Halloran paid for the beer and walked out. It was hotter in the street now, and suddenly he was sweating. Now that he was closer to finding her, now that it was proving easier than he’d ever dreamed it could be, he found himself sweating, and a little short of breath, his heart pounding in his chest as he made the familiar turn onto Marien, and walked past half a dozen little Puerto Rican girls skipping rope, and then stopped in front of the clapboard-and-brick house he’d once lived in with Josie and the kids before he’d had to kill her, the same house — his, daughter Moira was living here in the same house he’d shared with Josie for seven years. The black African spic, García, was still out front, weeding.
“Hey!” Halloran called.
The man looked up.
“You speak English?” Halloran asked.
“You talking to me?” the man said. He looked to be in his early twenties, a thin guy wearing a tank-top undershirt and cutoff blue jeans. He was holding a claw-shaped gardening tool in his right hand.
“Yes, I’m talking to you,” Halloran said. “I’m looking for Moira Johnson, do you know her?”
“I know her,” the man said. “What do you want with her?”
“She’s my daughter,” Halloran said.
“Well, well,” the man said.
“What’s that mean, ‘Well, well’?”
“They decided to let you out, huh?”
“Who the hell are you?” Halloran asked.
“Henry Johnson,” the man said. “Moira’s husband. Why don’t you get lost? Moira don’t want nothin’ to do with you, man.”
“Look, punk,” Halloran said, and opened the gate in the picket fence, and hesitated when he saw Johnson’s hand tighten on the claw tool.

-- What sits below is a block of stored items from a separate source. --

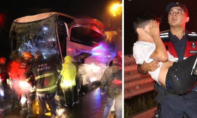 Kaza, saat 23.30 sıralarında TEM Otoyolu’nun Bolu Dağı mevkiinde meydana geldi. İstanbul’dan Diyarbakır’a giden Hilmi Gündüz idaresindeki 34 VKF 21 plakalı yolcu otobüsü, İsmail Özdemir yönetimindeki 27 GA 076 plakalı TIR’a arkadan çarptı. Kazayı görenlerin ihbarı üzerine bölgeye Bolu ve Düzce’den 112 Acil, itfaiye ve polis ekipleri sevk edildi. Kazada ilk belirlemelere göre otobüs sürücüsü ile birlikte 37 kişi yaralandı. TIR sürücüsü ise kazadan yara almadan kurtuldu.
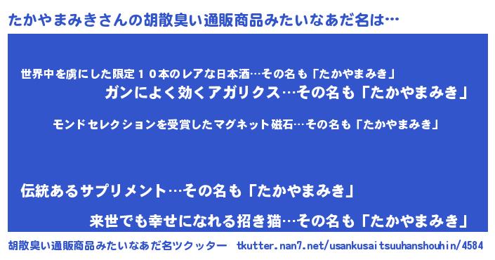 | 男性向けラノベタイトル風あだ名 | 『うちのたかやまみきが世界を掌握している!』 |
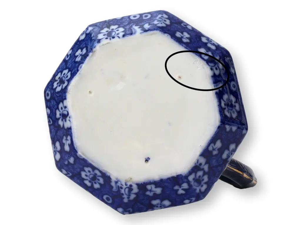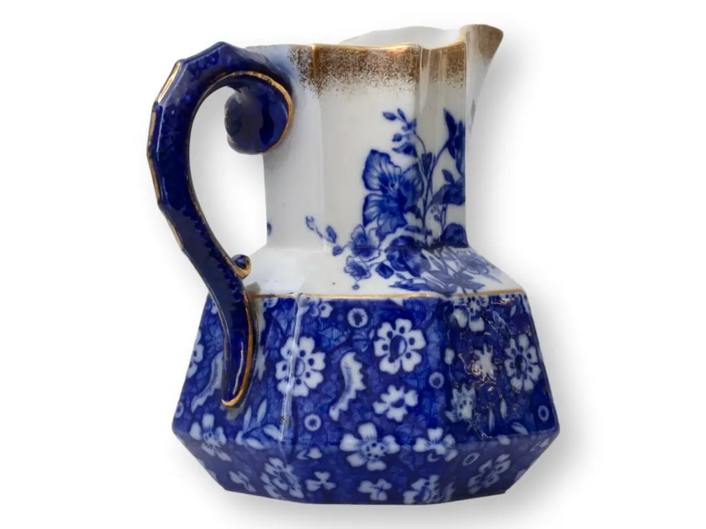 Antique English flow blue ironstone water pitcher with a striking octagonal base and rich cobalt transfer in a floral and butterfly motif. Likely mid-to-late 19th century, this piece features delicate gilded details and a graceful paneled form. Flow blue was especially popular during the Victorian era for its dreamy, blurred aesthetic. Beautiful on a vanity, table, or as a small vase. Small impressed factory number mark.
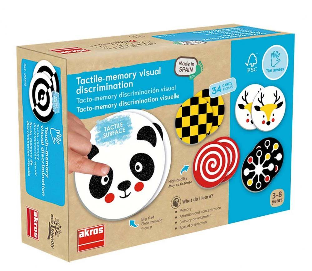 34 cartes de 9 x 9 cm illustrées avec des images contrastées associées au toucher. Inspiré de la méthodologie Montessori, ce jeu apporte une variante tactile au mémory classique en complément de la mémoire visuelle.
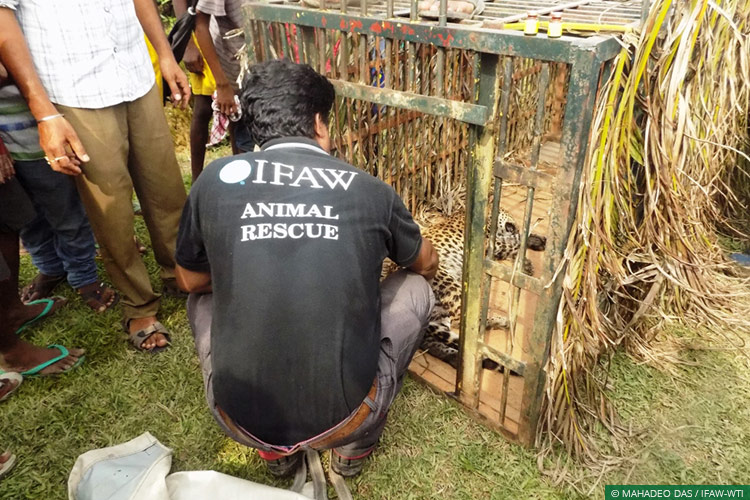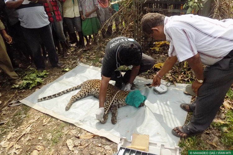 Jorhat, Assam, August 07, 2017: A Mobile Veterinary Service (MVS) team from IFAW-WTI’s Centre for Wildlife Rehabilitation and Conservation (CWRC) recently attended to a sub-adult male leopard that had been caught in a trap cage set by the Assam Forest Department in Hunwal Tea Estate, close to Gibbon Wildlife Sanctuary.
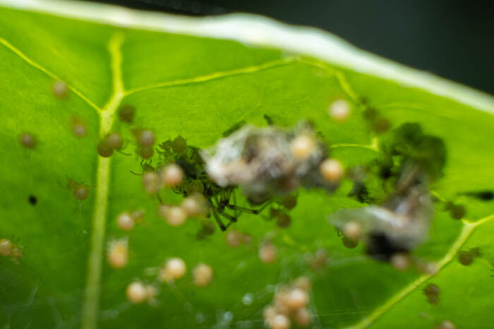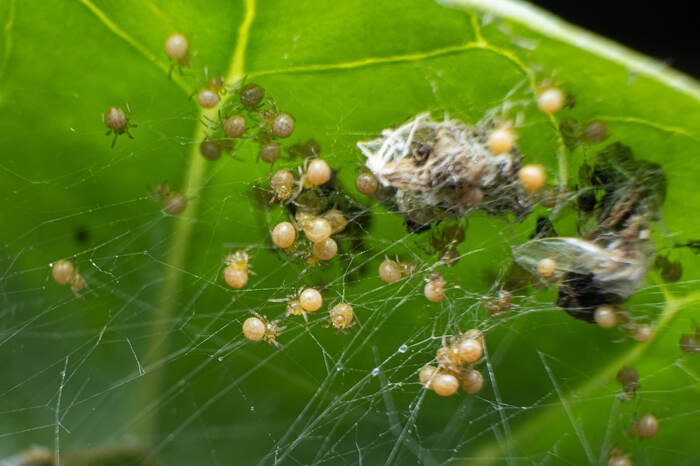 Сначала я конечно увидел эту многочисленную тусовку возле листика с безобразной спутанной паутиной. Потом подумал, ну что они одни что ли сидят тут. И правда - не одни :) Оказывается маманя тут как тут, рядом, под листочком. Присматривает значит... Наверняка это именно она и ломанулась заматывать добычу, когда та "удачно" прилетела к ним в гости.
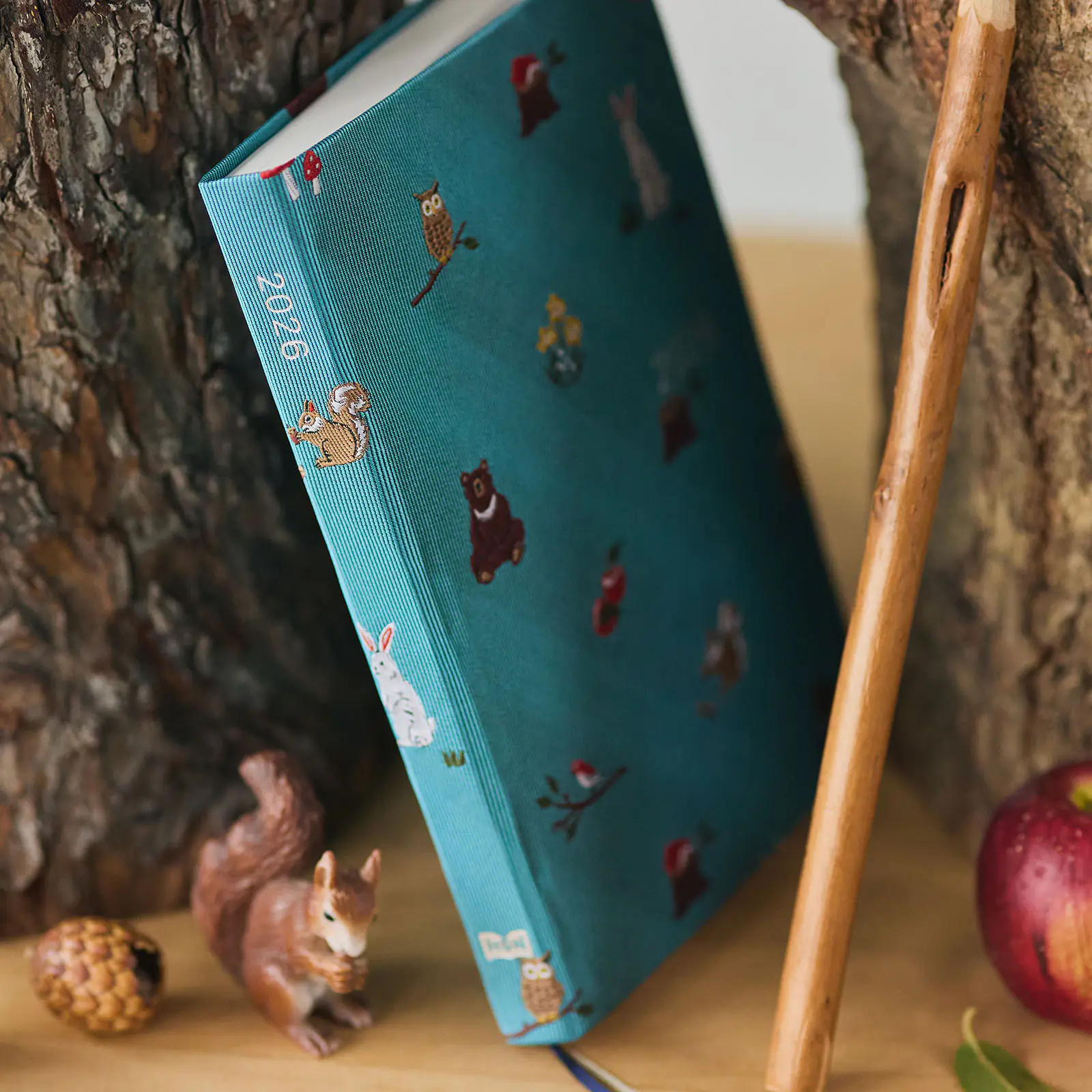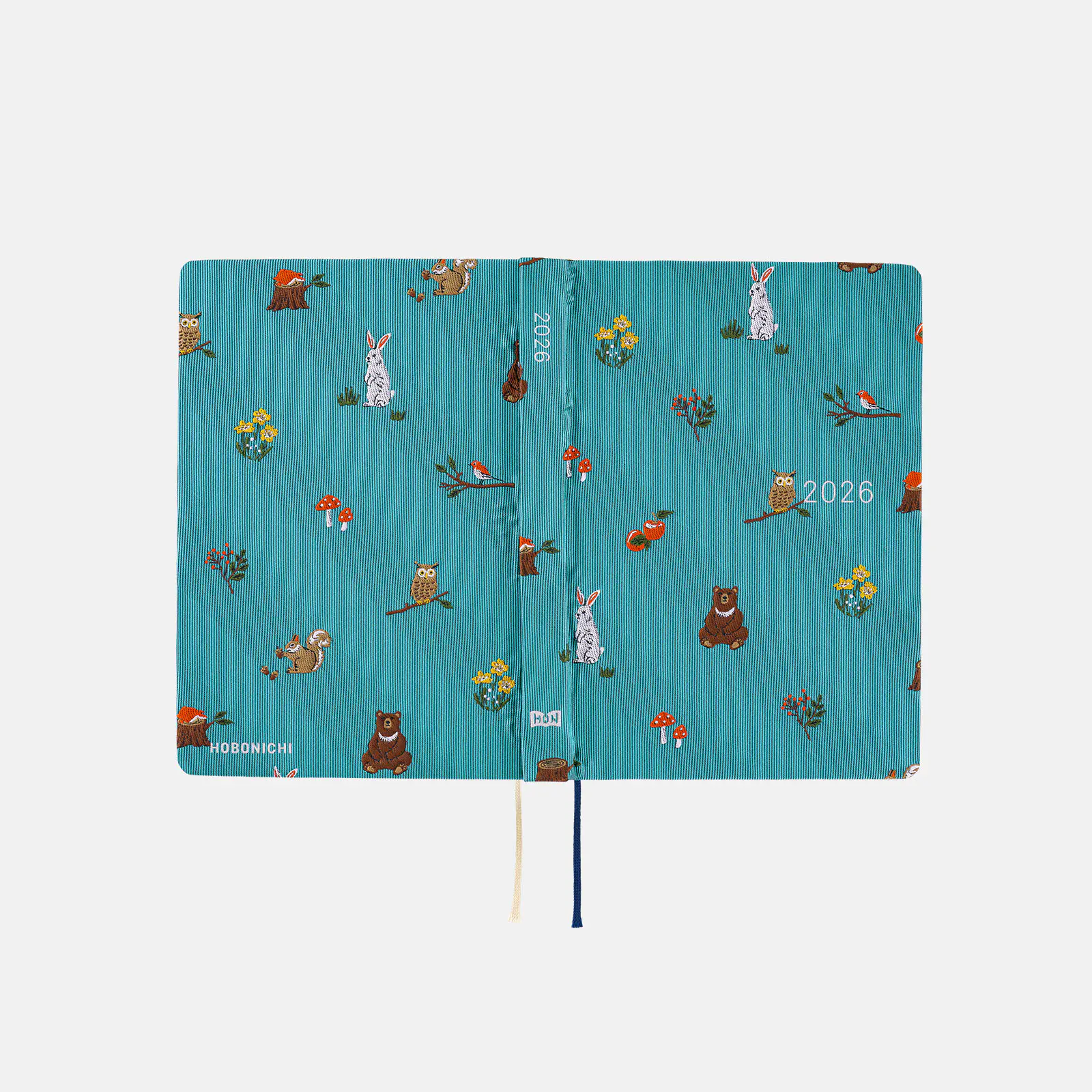 Somewhere in the design, you’ll find a Hobonichi Techo resting on a tree stump. It feels as if someone has paused to take a break in the forest, surrounded by the animals.
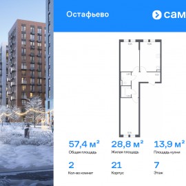 Строим кварталы для жизни с заботой о будущем. Предлагается 2-комнатная квартира комфорт-класса 57, 4 кв.м в корпусе 21 на 7 этаже, в ЖК «Остафьево» Квартира без отделки. Доступность опции «отделка» и возможность комплектации мебелью и декором уточняйте у...

Locked up in prison, you learned to sense when it was wise to shout a man down, and when it was best to leave him alone. You saw it in the eyes. D’Annunzio should’ve seen it in his eyes the night he started in about a big nose, he should’ve seen Halloran’s eyes narrowing and should’ve known right then that his face was going to be hamburger. There was something in this nigger’s eyes now (Moira married to a nigger, his daughter married to a nigger!) that told Halloran he could be dangerous. He hesitated just inside the gate, and then tried a tentative smile, and then said, “I’ve come a long way to see her, son.”
“Don’t give me no ‘son’ bullshit,” Johnson said. “I’m no more your son than she’s your daughter anymore.”
“I’d like to see her,” Halloran said quietly.
“She ain’t home. Take off, before I call the cops.”
“She’s my daughter, and I want to see her,” Halloran said in a steady monotone. “I want to see what my daughter looks like now that she’s grown up, I’m not leaving here till I see her, I’ve waited twelve years to see her, and I’m going to see her, have you got that, I’m going to see her, son.”
There must have been in his eyes the same look D’Annunzio should have seen there an instant before the fork plunged into his face, the same look Halloran thought he’d detected in young Johnson’s eyes just a few minutes ago. He saw the grip on the gardening tool loosen, saw Johnson taking his measure, a veteran street fighter the way all the niggers up at Castleview were, a badass cat who could recognize trouble when it was coming down the pike, and who wanted no part of it when the man’s eyes were signaling mayhem.
“She still ain’t home,” Johnson said, but all the bluster had gone out of his voice.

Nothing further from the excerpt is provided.